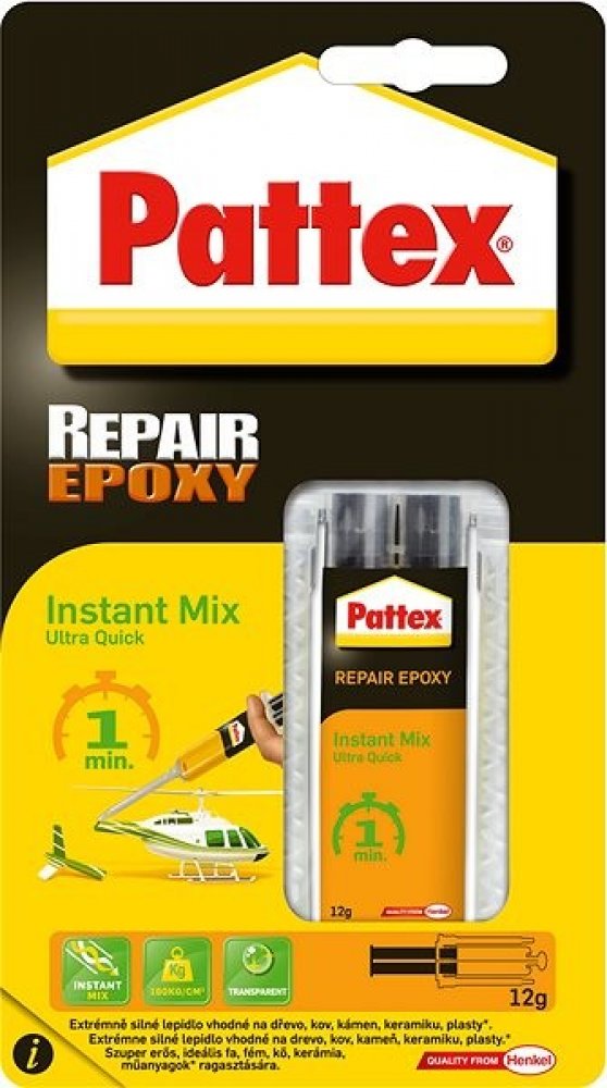 Mimořádně rychle vytvrzující dvousložkové lepidlo PATTEX Repair Epoxy Ultra Quick bez těkavých rozpouštědel na permanentní opravy, lepení a fixování. Díky statickému směšovači je smíchání obou složek precizní a aplikace velmi snadná a rychlá. Lepí, opravuje a fixuje téměř všechny materiály. Nedoporučuje se k lepení PP, PE a PTFE (Teflon®). Klíčové vlastnosti dvousložkového epoxidového lepidla PATT...
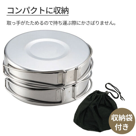 スタッキングしてコンパクトに取っ手がたため、コンパクトに重ねて収納できるので、持ち運びの際にかさばりません。
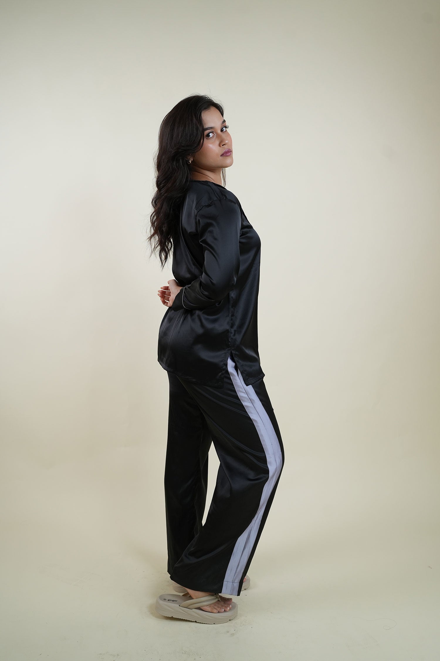A sophisticated charcoal and ash button-down crafted from silky satin, adorned with elegant buttons for a refined touch. Its relaxed fit and smooth drape make it perfect for both lounging in luxury and effortless daytime styling.
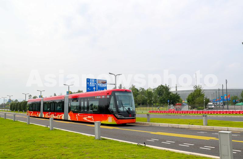 四川成都:“宜宾造”智轨电车驶向大运会 查看组图
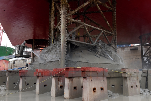 盡管攻堅場景處處有,但令我念念不忘的,還是干塢底部那個最不起眼、最沒含金量的作業項目清洗樁靴。
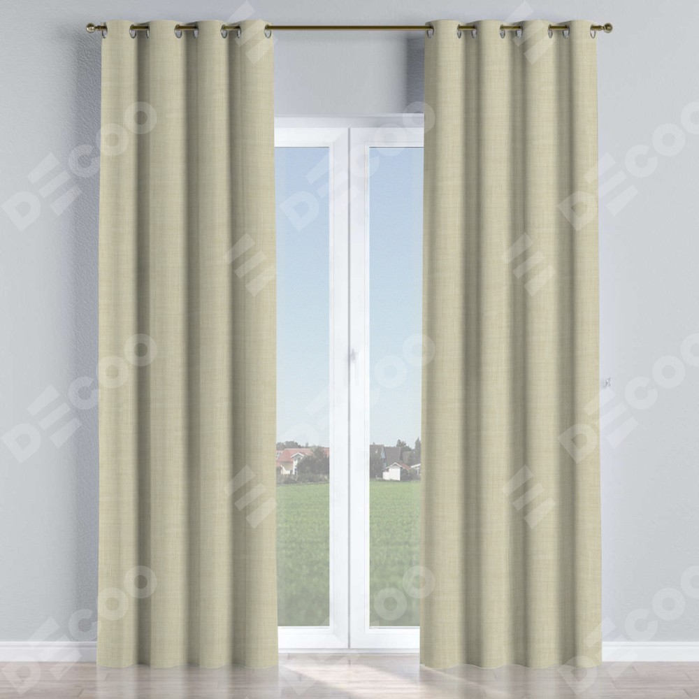 Комплект прямых штор, от производителя «Cortin», пошиты из ткани лён топлёное молоко, артикул ткани 104484. Данная модель пошита на люверсах, комплектуется на выбор круглым карнизом и подходит для монтажа на стену или потолок. Для создания элегантных складок рекомендуемый коэффициент 1:2 (на 100 см. ширины проёма 200 см. ширины ткани). Важно! Ширина штор указана без учёта коэффициента сборки!
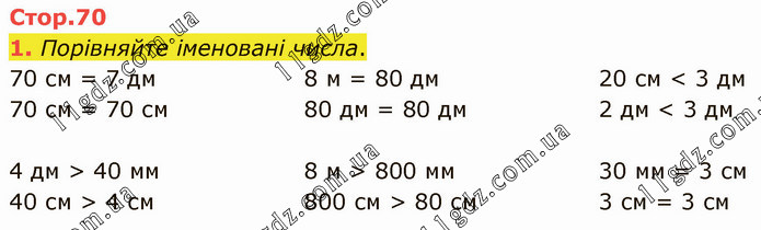 Порівняйте іменовані числа. 70 см = 7 дм 70 см = 70 см 4 дм > 40 мм 40 см > 4 см 8 м = 80 дм 80 дм = 80 дм 8 м > 800 мм 800 см > 80 см 20 см < 3 дм 2 дм < 3 дм 30 мм = 3 см 3 см = 3 см
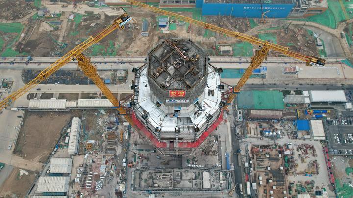 2024年3月27日拍摄的中国中化大厦建设现场(无人机照片)。这是河北雄安新区启动区标志性建筑之一,已实现核心筒主体结构封顶。中国中化大厦是首批疏解央企中国中化的总部大楼,设计结构高度150米。
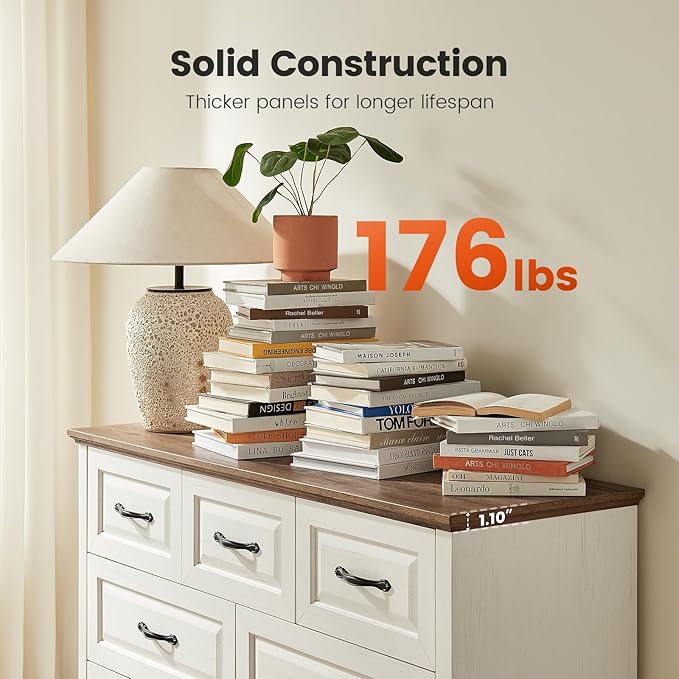 - BUILT STRONGER, LASTS LONGER: Constructed from thick, durable P2-grade particle board and MDF, this dresser has a net weight of 99.2 lbs, giving it a solid, stable feel you can rely on. The reinforced structure and thickened panels offer enhanced strength and durability, while the broad base ensures firm support. An included anti-tip kit provides added peace of mind for homes with kids or pets.
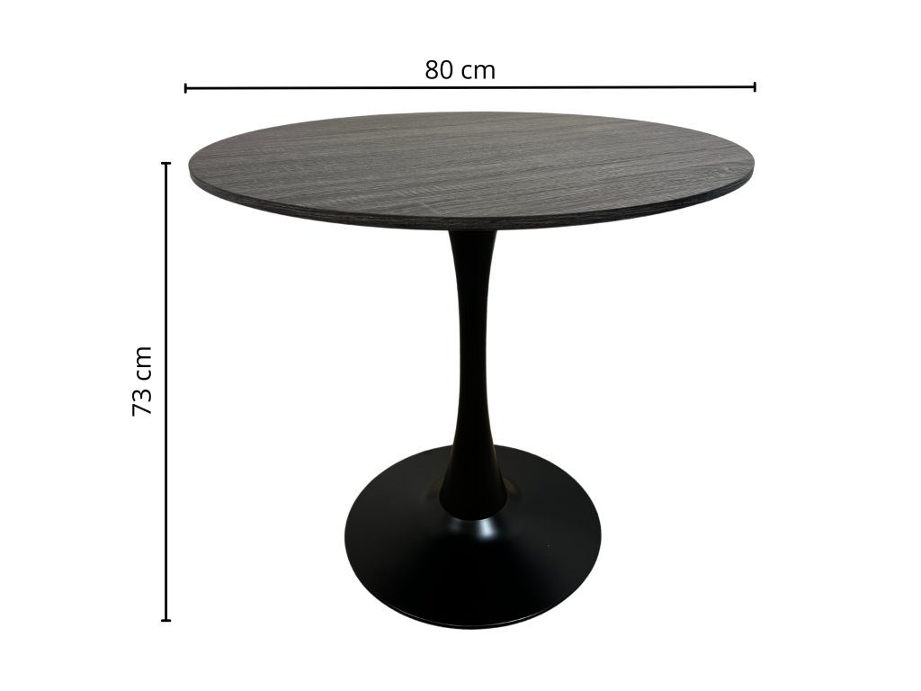 Rozměry: průměr 80 cm, výška 73 cm – ideální pro 2–4 osoby

■ **Task directions**
Since the pictures are not wanted, give the material again exactly without them.

■ **Solution for this problem**
 Mimořádně rychle vytvrzující dvousložkové lepidlo PATTEX Repair Epoxy Ultra Quick bez těkavých rozpouštědel na permanentní opravy, lepení a fixování. Díky statickému směšovači je smíchání obou složek precizní a aplikace velmi snadná a rychlá. Lepí, opravuje a fixuje téměř všechny materiály. Nedoporučuje se k lepení PP, PE a PTFE (Teflon®). Klíčové vlastnosti dvousložkového epoxidového lepidla PATT...
 スタッキングしてコンパクトに取っ手がたため、コンパクトに重ねて収納できるので、持ち運びの際にかさばりません。
A sophisticated charcoal and ash button-down crafted from silky satin, adorned with elegant buttons for a refined touch. Its relaxed fit and smooth drape make it perfect for both lounging in luxury and effortless daytime styling.
 四川成都:“宜宾造”智轨电车驶向大运会 查看组图
 盡管攻堅場景處處有,但令我念念不忘的,還是干塢底部那個最不起眼、最沒含金量的作業項目清洗樁靴。
 Комплект прямых штор, от производителя «Cortin», пошиты из ткани лён топлёное молоко, артикул ткани 104484. Данная модель пошита на люверсах, комплектуется на выбор круглым карнизом и подходит для монтажа на стену или потолок. Для создания элегантных складок рекомендуемый коэффициент 1:2 (на 100 см. ширины проёма 200 см. ширины ткани). Важно! Ширина штор указана без учёта коэффициента сборки!
 Порівняйте іменовані числа. 70 см = 7 дм 70 см = 70 см 4 дм > 40 мм 40 см > 4 см 8 м = 80 дм 80 дм = 80 дм 8 м > 800 мм 800 см > 80 см 20 см < 3 дм 2 дм < 3 дм 30 мм = 3 см 3 см = 3 см
 2024年3月27日拍摄的中国中化大厦建设现场(无人机照片)。这是河北雄安新区启动区标志性建筑之一,已实现核心筒主体结构封顶。中国中化大厦是首批疏解央企中国中化的总部大楼,设计结构高度150米。
 - BUILT STRONGER, LASTS LONGER: Constructed from thick, durable P2-grade particle board and MDF, this dresser has a net weight of 99.2 lbs, giving it a solid, stable feel you can rely on. The reinforced structure and thickened panels offer enhanced strength and durability, while the broad base ensures firm support. An included anti-tip kit provides added peace of mind for homes with kids or pets.
 Rozměry: průměr 80 cm, výška 73 cm – ideální pro 2–4 osoby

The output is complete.